Populated place in Hunterdon County, New Jersey, US

Vanlieu Corners (also Van Liew's Corners or Vanlieus Corner) is an unincorporated community in East Amwell Township in Hunterdon County, in the U.S. state of New Jersey.

In 1881, the settlement consisted of a small cluster of residences, surrounding the Chamberlin & Van Liew store. Vanlieu Corners was in the same school district as Wertsville. Today, the area is at the corner of Wertsville Road (County Route 602) and Rileyville Road (CR 607) and consists of mostly farmland on the north slope of the Sourland Mountain.

A map of Hunterdon County from 1851 identifies the community as Vanlieus Corner and indicates a few structures west of the intersection. The Vanlieus Store was located on the north side of Wertsville Road just west of Rileyville Road and the Vanlieus Hotel was located in the south west corner of the intersection. J Hagaman owned a wheel right shop on the east side of Rileyville Road just south of Wertsville Road.

A few structures survive today from the historic community.

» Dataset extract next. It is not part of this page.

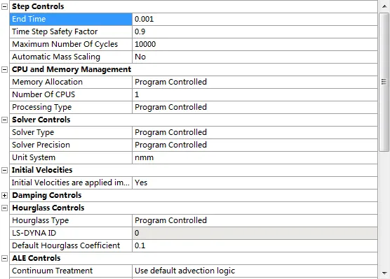 Click on “Analysis Settings,” and set the simulation time parameters in the list below: End time to 0.001s, Time Step Safety Factor to 0.9, and Maximum Number of Cycles to 10,000. Special note: It is important to set these parameters reasonably and adjust them gradually based on the solution results, as overly long solution times can occur!

The house at 280 Wertsville Road is one of the oldest, constructed circa 1750. This is roughly where the Hagaman Wheel Right shop is indicated on the 1851 county map. 254 and 260 Wertsville Road were both built in circa 1800. It is unclear if these are the houses seen on the 1851 county map belonging to H Stout and E Sheperd respectively. Finally 251 and 281 Wertsville Road do not have construction dates listed, but their stone foundations indicate these houses are also historic to the 1800s at least.